Fungal degradation of xenobiotics such as toluene involves the presence of specific metabolic pathways that act on the aromatic ring cleavage and its conversion into assimilable compounds as sources of carbon and energy [19,31]. The study of melanized fungi as potential aromatic biodegraders has intensified in the last few decades because of their historical potential and the recurrent isolation of their representatives from environments related to the presence of hydrocarbons. Results obtained in this study highlight the biodiversity of melanized fungi present in hydrocarbon-associated environments and their potential capacity for the assimilative biodegradation of toluene.
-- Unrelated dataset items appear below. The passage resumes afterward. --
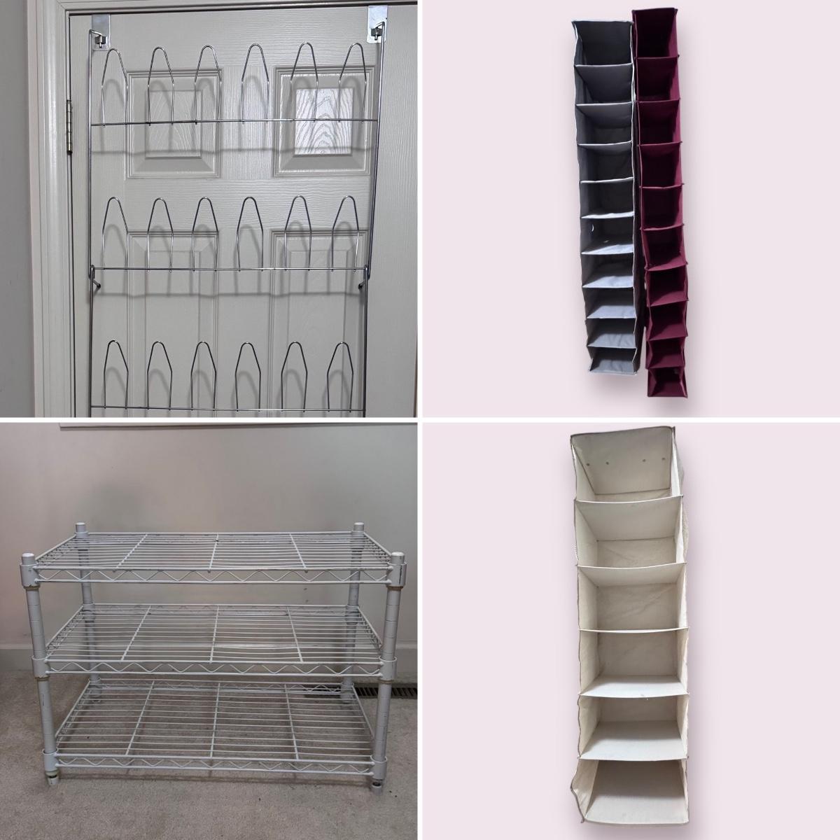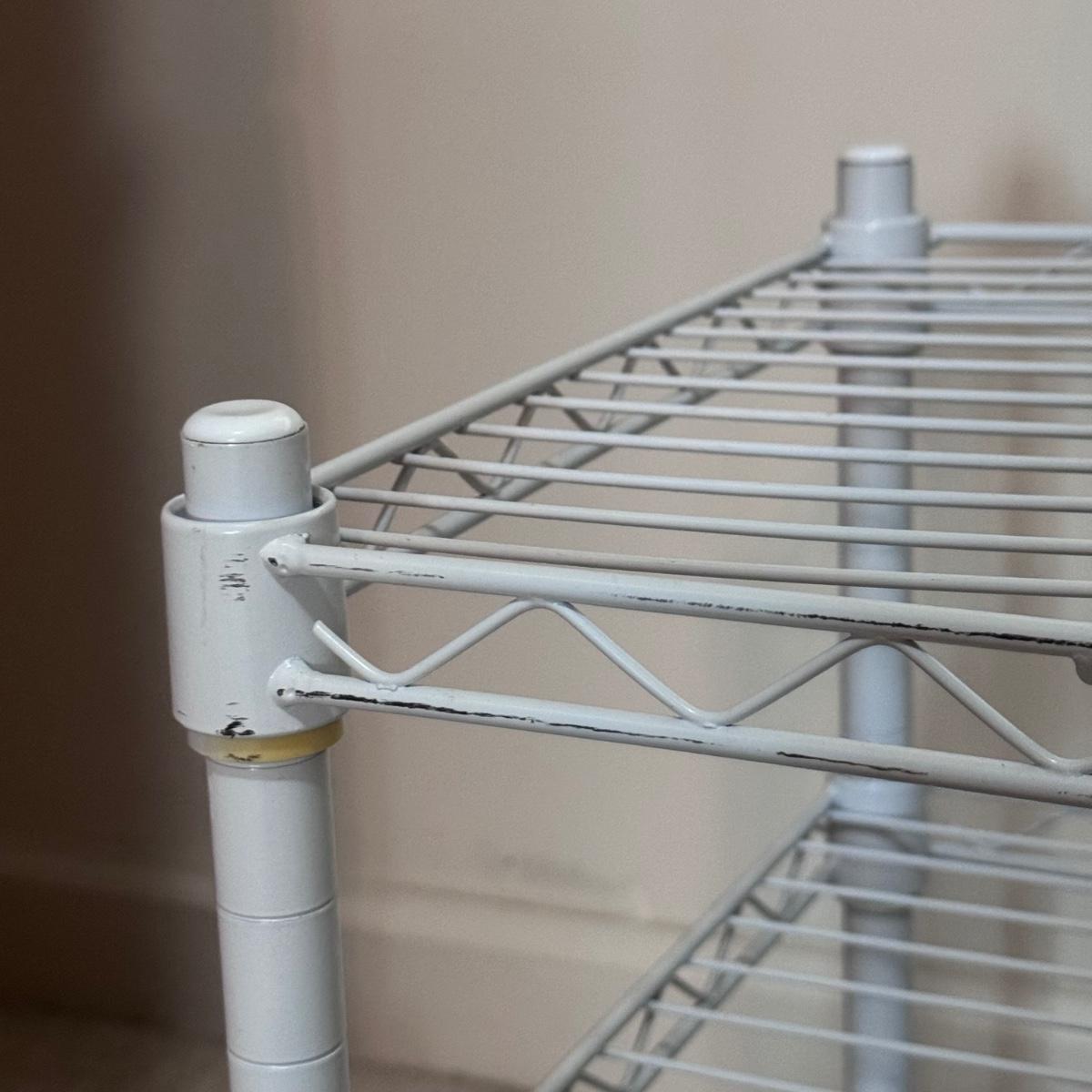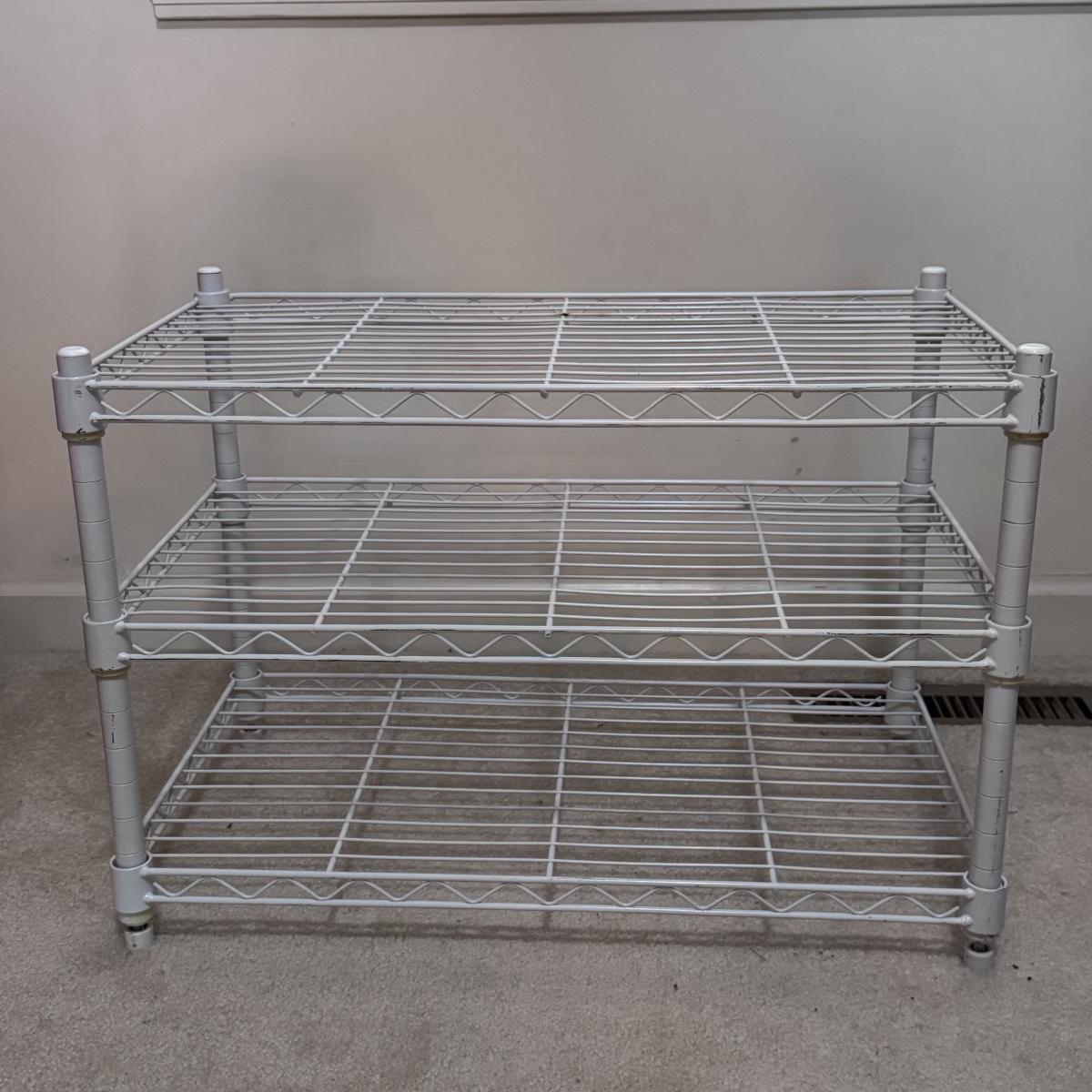 This lot includes a white metal storage shelving unit, three canvas collapsible storage shelves, and a metal over-the-door shoe rack. The shoe rack breaks down into three pieces. The white metal storage shelving unit measures 23” x 13” x 16”H. There is a small stain on the white canvas collapsible shelves - see picture included. Local pickup only.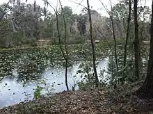 The Jones Creek Trail wanders through swamp bay, tupelo, swamp dogwood, American hornbeam and bald cypress along and across Jones Creek, a tributary of the St. Johns River. Osmunda regalis (royal fern), Osmunda cinnamomea (cinnamon fern), and Woodwardia aereolata (net leaf chain fern) also abound.[3]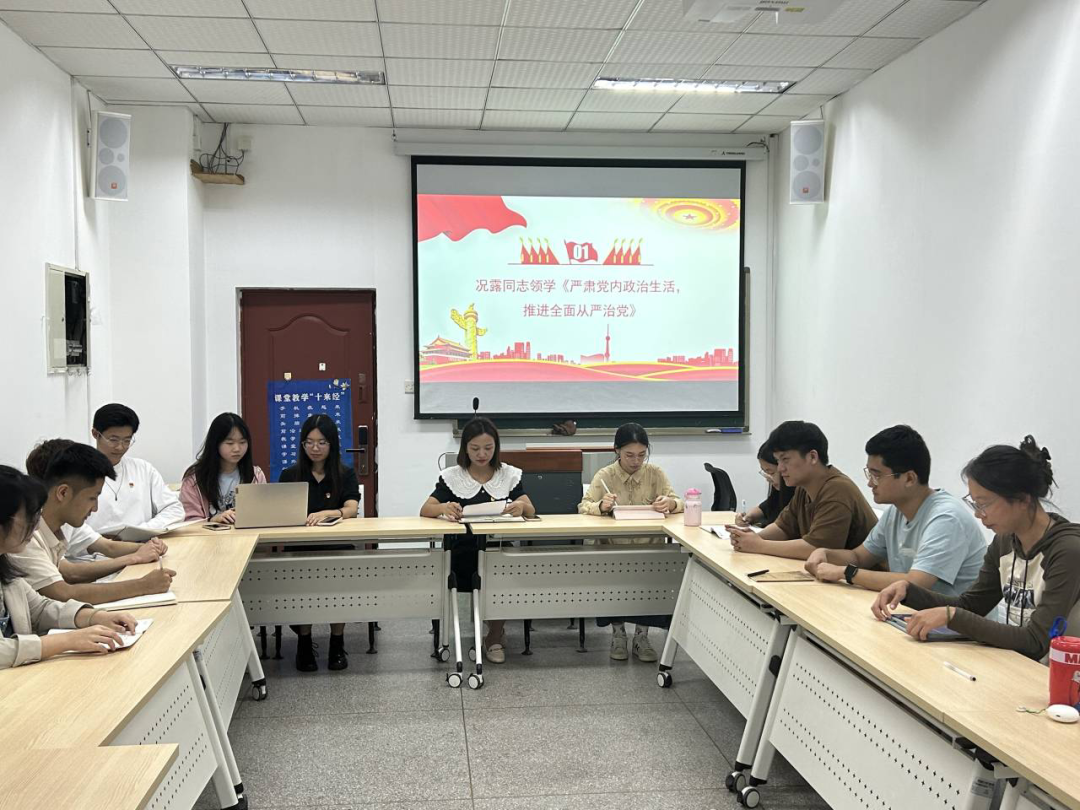 本科生第二党支部党员代表领学《严肃党内政治生活,推进全面从严治党》《习近平总书记关于党的建设和组织工作的重要指示》。支部书记胡婷回顾党支部参加主题教育的情况,鼓励党员同志增强融入支部的“主人翁”意识,带领党员同志开展批评与自我批评,引导党员同志进行细节化反思,永葆自我革命精神。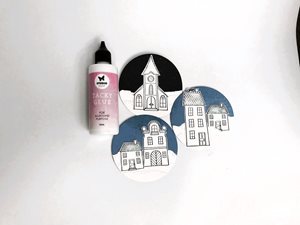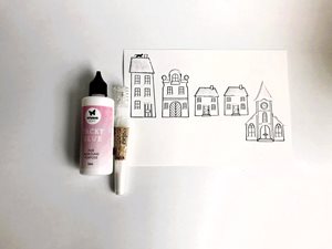 2. Na střechy, okapy a okna naneseme tekuté lepidlo, zasypeme bílými třpytkami a necháme zaschnout.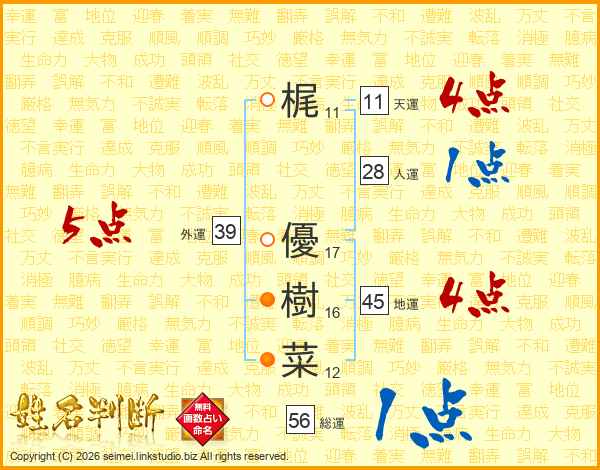梶優樹菜さんの外運は39画の5点!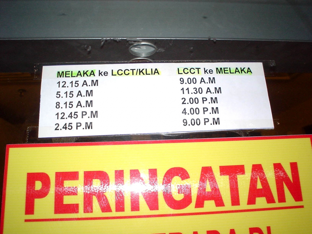 マラッカのセントラル・バスステーションからKL LCCT(クアラルンプール、LCC専用空港)への直行バス。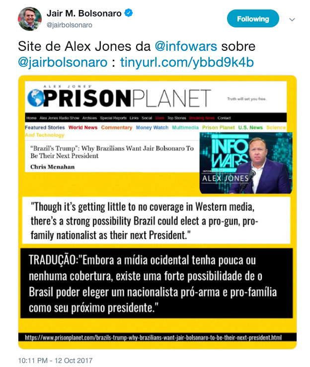 Bolsonaro e as matérias de Alex Jones sobre ele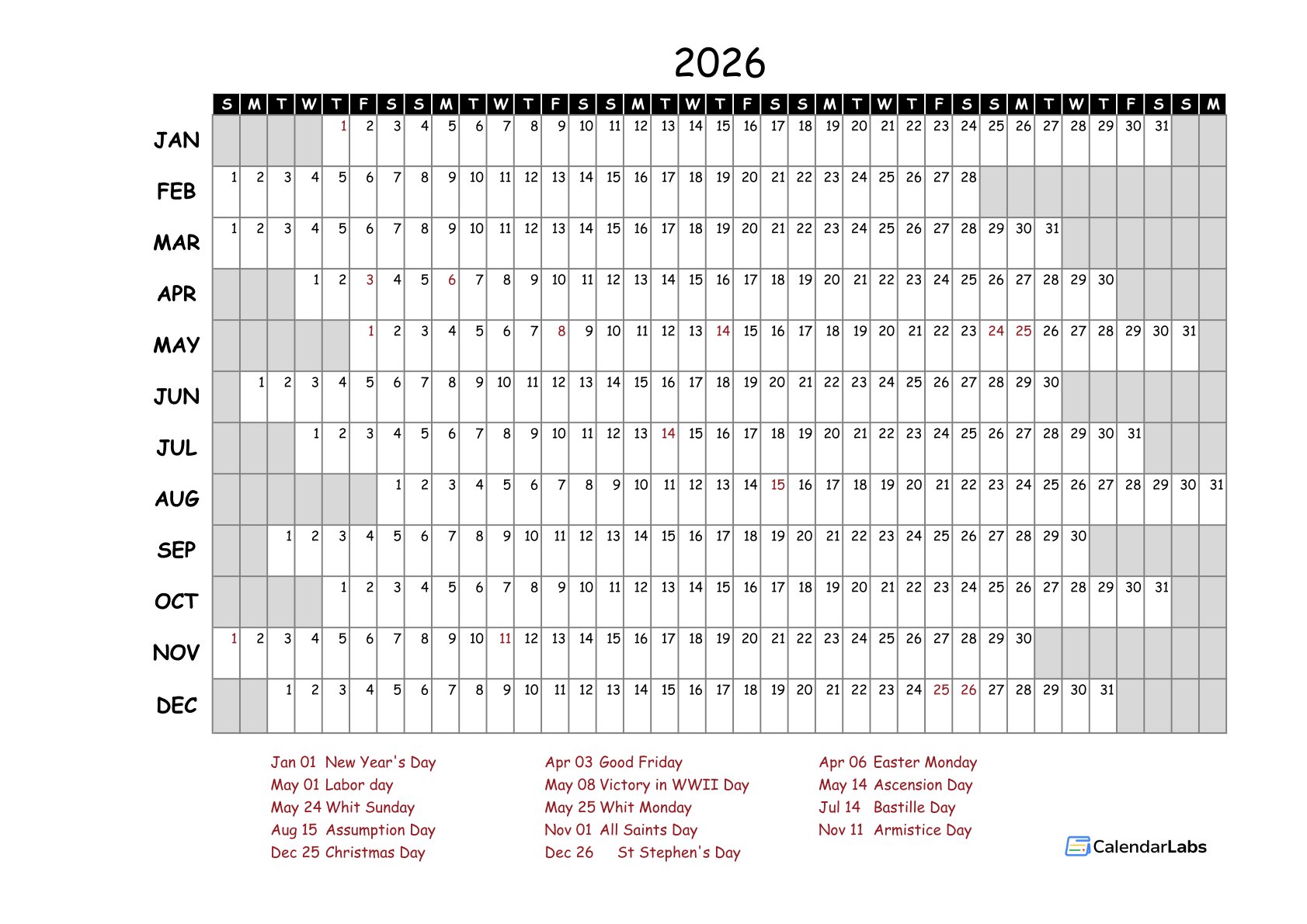 2026 YEARLY PROJECT TIMELINE CALENDAR FRANCE
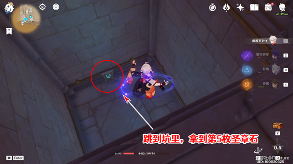 5、跳到坑下拿第5枚圣章石。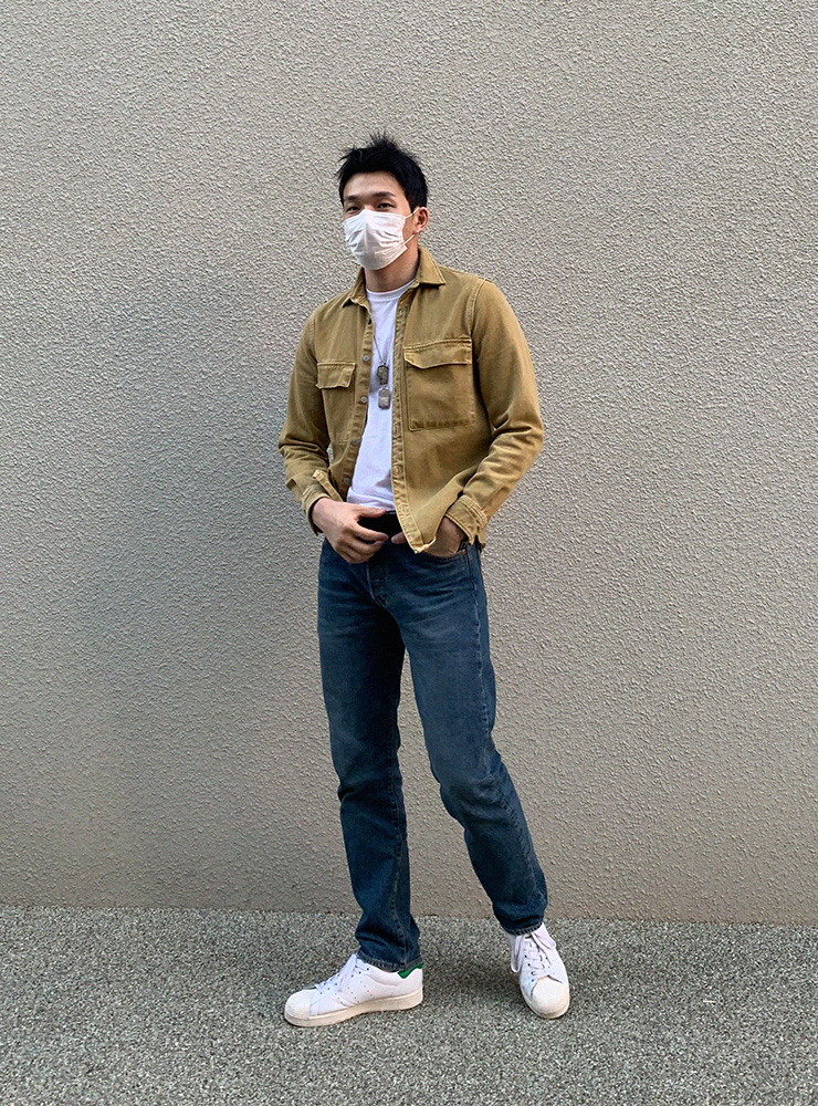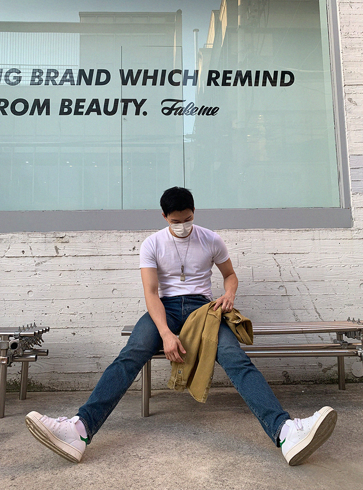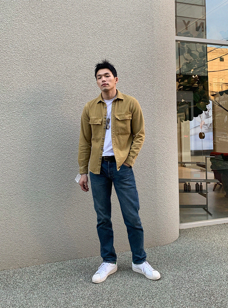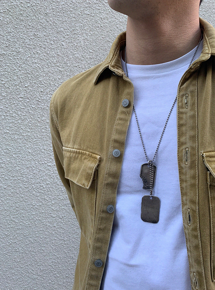 빈티지 셔츠 재킷과 데님, 군번줄 악세서리까지.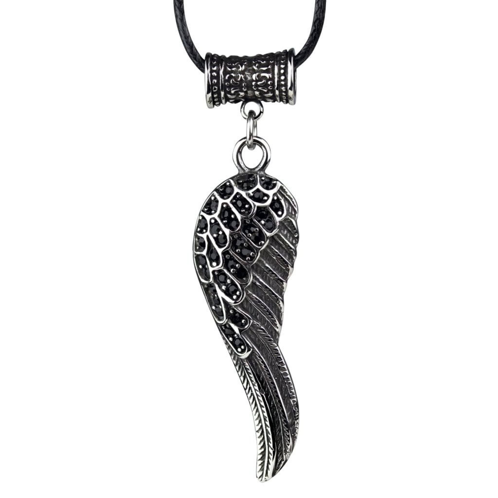 A pendant on a black leather strap. It is a small pearl that hangs in the leather strap and in it hangs a wing.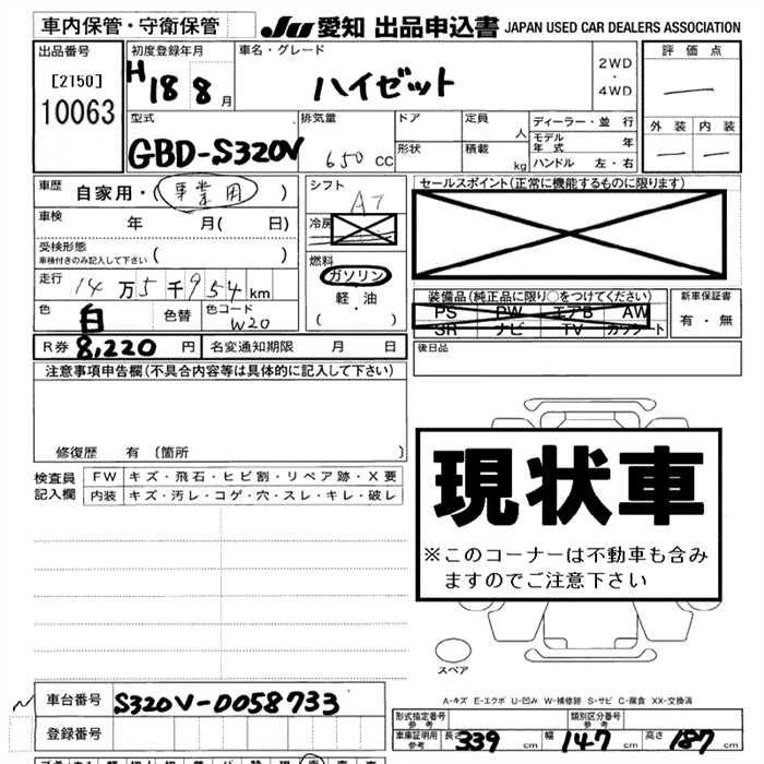Статус продан Лот 10063 Аукцион JU Aichi Дата аукциона 19.03.2026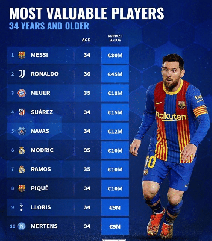 360直播讯在足坛,许多球员在30岁之后,身价都有急速下滑,特别是超过了34岁之后,即便你再优秀,身价也不过在一两千万左右,不过也有部分球员是例外的,比如足坛最好的球星梅西和C罗,即便他们超过了34岁,他们的身价依然居高不下,那么他们的身价到底有多高呢?近日,德国权威媒体《转会市场》盘点了足坛34岁以上球员的身价排名,其中梅西在第一档,而C罗在第二档,其他人共享第三档。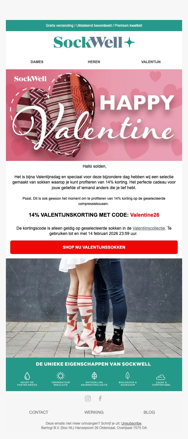 Sockwell valentijnsaanbieding: 14% valentijnskorting op compressiesokken

Further studies will be performed with selected strains in order to confirm their capacity to grow on toluene and assess their potential uses in environmental biotechnology applications.

4. Conclusions

The findings of this study illustrate the biodiversity of melanized fungi that survive in different natural and anthropogenic hydrocarbon-rich environments, and also their capacity to tolerate and even grow on toluene, supplemented as the sole carbon and energy source at relatively low and high concentrations. This information might be useful for designing new bioindication tools on the hydrocarbon exposure of natural and anthropized environments. The isolated strain populations appeared to be rather specific from the studied environments and ranged from the lowest biodiversity in the garage ground spilled with motor oil, where all 47 isolated strains belonged to E. dermatitidis, a well-known opportunistic pathogen, to the high biodiversity of the refinery-impacted river, in which 25 distinct species were observed out of 43 isolated strains. The results also confirmed the preference of the Chaetothyriales for hydrocarbonaceous environments, and Exophiala spp. were isolated from all the studied samples. This genus contains several species that have been investigated thoroughly for the biofiltration of air polluted with volatile organic compounds, but that have also been isolated from clinical cases. The high tolerance of black fungi, well above that of most bacteria, to harsh and fluctuating environmental conditions makes them ideal catalysts for several bioremediation applications, but might also predispose them towards virulence. Interestingly, the most promising results for the potential of toluene assimilation in terms of biomass yield were obtained with species from the Pleosporales, Cladosporiales, and Xylariales, which are generally less biohazardous than those from the Chaetothyriales. The capacity of the newly isolated fungi to metabolize toluene as the sole source of carbon and energy needs to be verified by more precise growth experiments, but it might well be so that the range of hydrocarbonoclastic fungal species with biotechnological potential needs to be revised in the future.